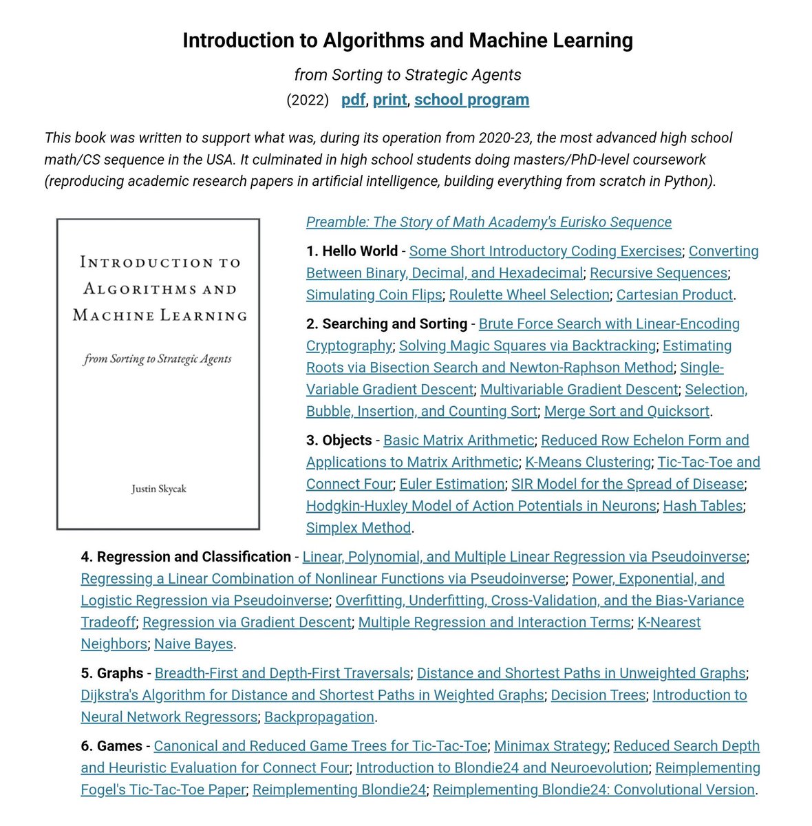 免费电子书📚《算法与机器学习导论》 这本书是作者Justin Skycak专门为美国硬核高中数学/CS课程Eurisko编写的教材。 这课程有多硬核? 高中生直接复现AI学术论文,用Python从零手撸所有算法。最近作者的一位学生Matteo刚被NASA局长亲自邀请申请职位,还附赠战斗机试飞体验作为"签约奖励"。
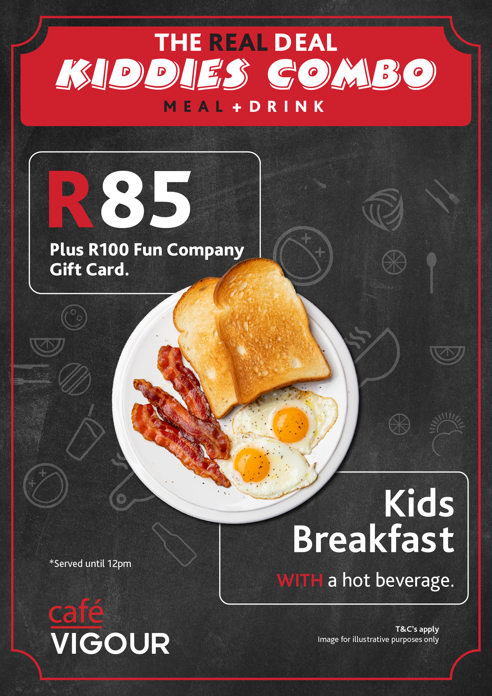 Breakfast Deal (R85): Eggs, bacon, toast + hot beverage
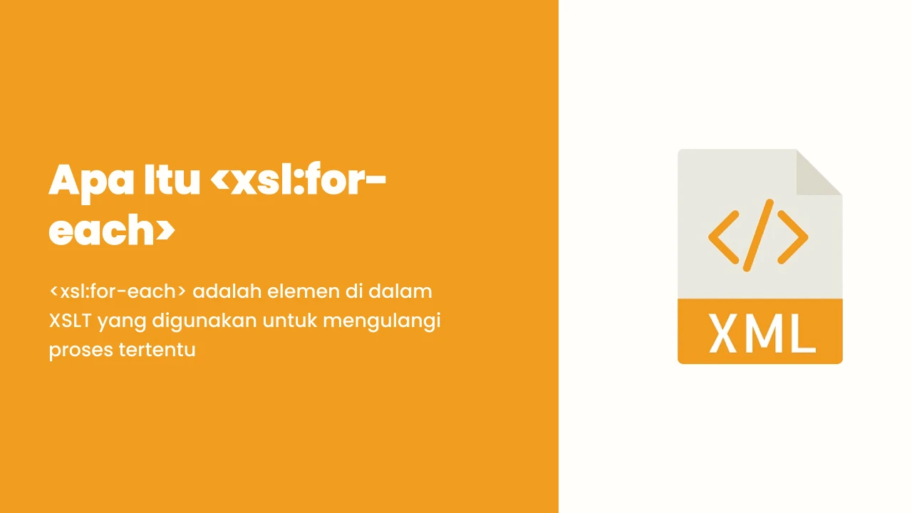 <xsl:for-each> adalah elemen di dalam XSLT yang digunakan untuk mengulangi proses tertentu untuk setiap elemen dalam file XML. Jadi, kalau kamu punya banyak data, misalnya daftar CD, kamu bisa menampilkan semuanya satu per satu dengan xsl:for-each.
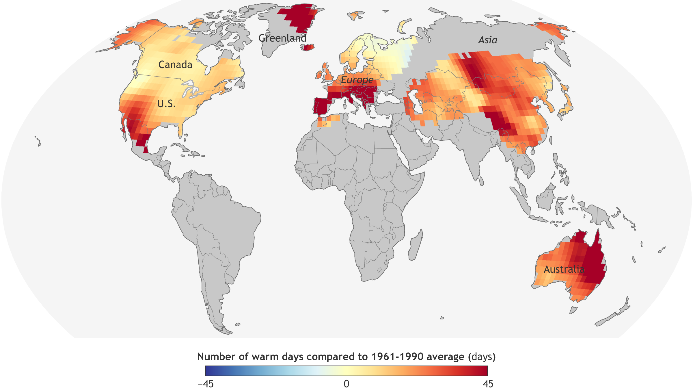 Adapted from the State of the Climate in 2017, this map shows the number of extremely warm days experienced in 2017 compared to the 1961–1990 average. For this analysis, “extremely warm” means in the top 10 percent (above the 90th percentile) of daytime high temperatures at that location from 1961–1990. In an average year, 36.5 days (10 percent of 365) would meet this threshold. Places that exceeded that threshold in 2017 are colored in shades of yellow, orange, and red; places with fewer days than the climatological average appear in shades of blue.
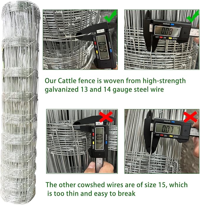 - Easy To Install And Maintain: The installation and maintenance of the cattle fence are relatively simple, and it can be disassembled and moved as needed, which is convenient for the management and operation of animal husbandry. Ideal for protecting/ securing livestock, poultry, pets, garden & boundaries
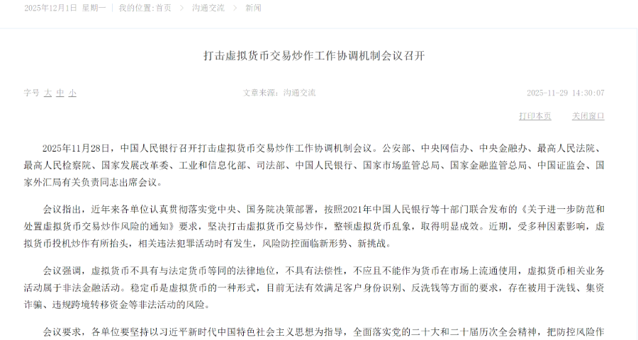 央行召开打击虚拟货币交易炒作工作协调机制会议,来源:央行官网
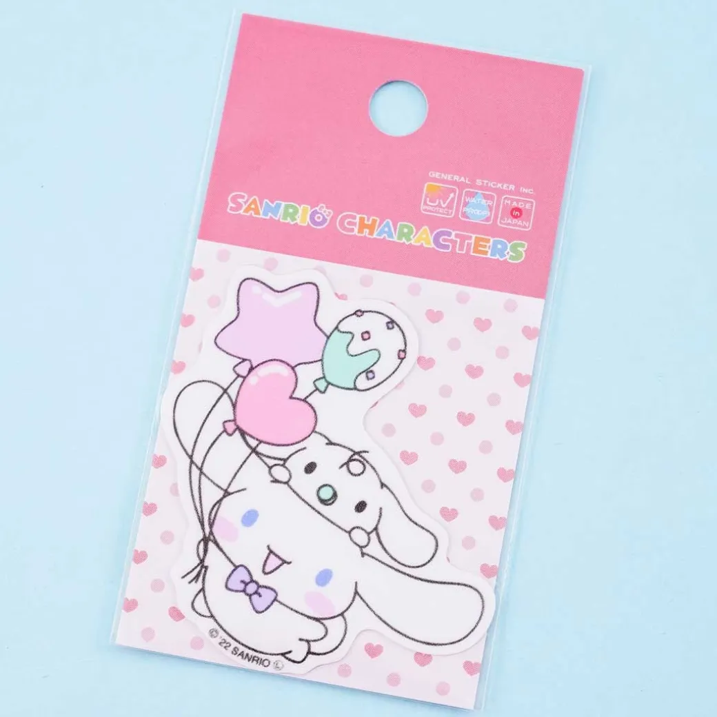 - A die-cut and easy-to-peel sticker featuring Cinnamoroll, Milk, and balloons
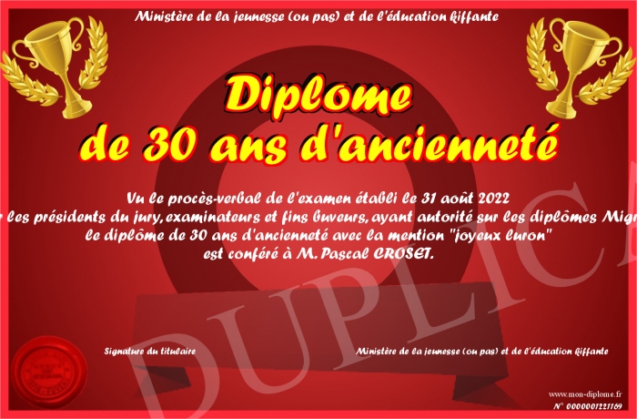 Envoyez par email votre Diplôme de 30 ans d'ancienneté personalisé
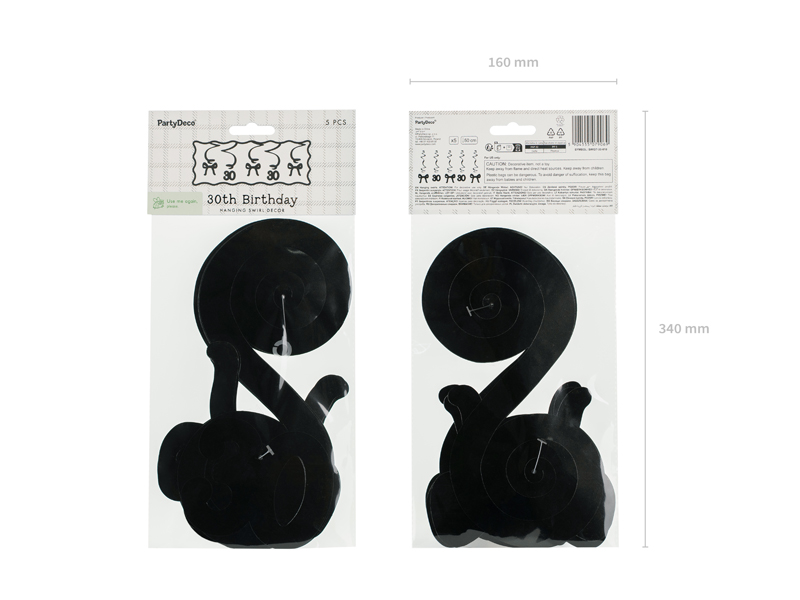 Czarne świderki urodzinowe. Zestaw zawiera 5 sztuk (2 x liczba 30, 3 x kokardka). Długość po rozwieszeniu około 50 cm. Świderki zakończone bezbarwnym haczykiem ułatwiającym mocowanie. (1 op. / 5 szt.)
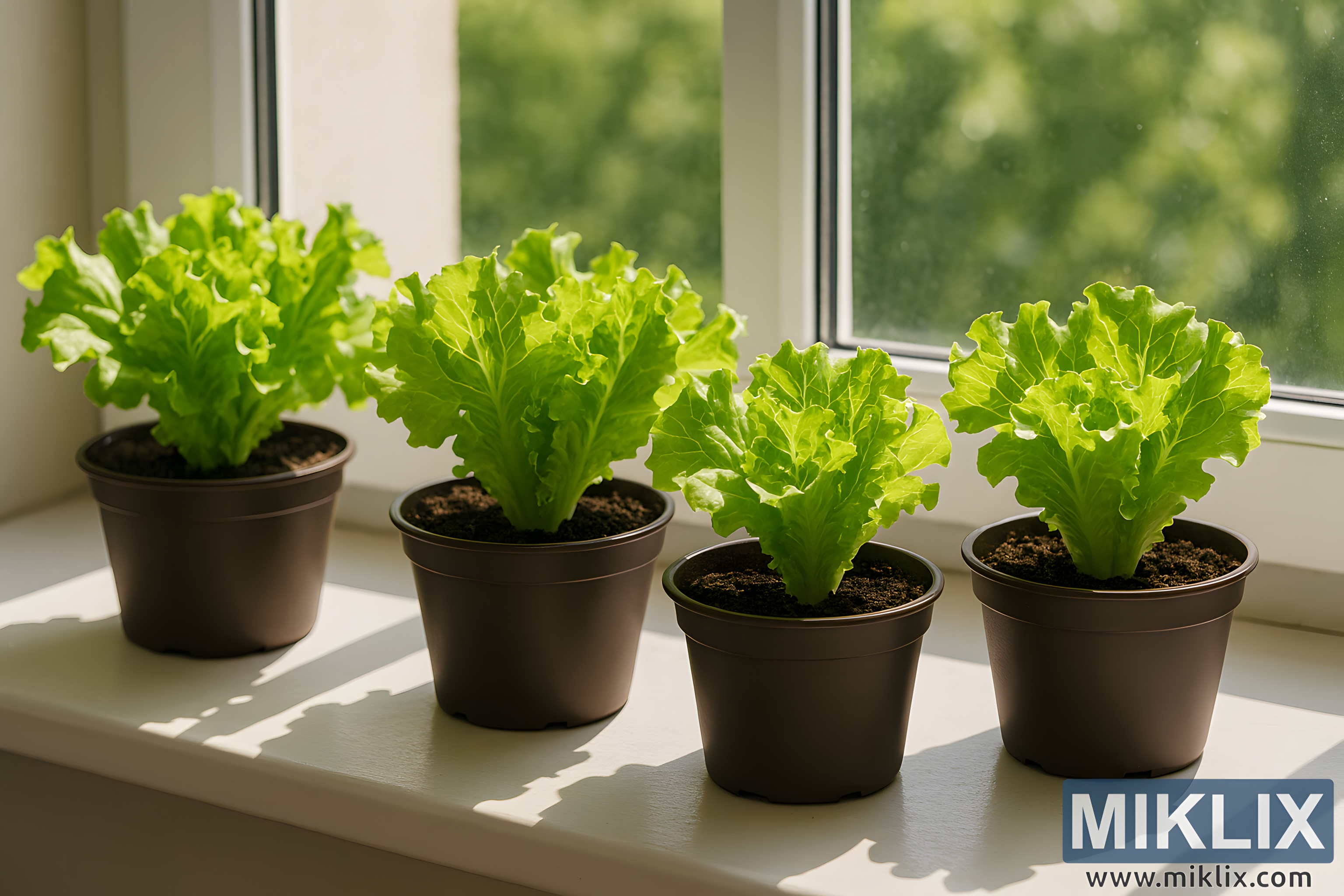 Vibrant green lettuce plants thrive in pots on a bright windowsill, bathed in natural sunlight.

──────────

_Requirement_
Above are the records; return the lines in them from the one with "- A die-cut" to the one with "Envoyez par email", inclusive, exactly and without images.

_Result_
 - A die-cut and easy-to-peel sticker featuring Cinnamoroll, Milk, and balloons
 Envoyez par email votre Diplôme de 30 ans d'ancienneté personalisé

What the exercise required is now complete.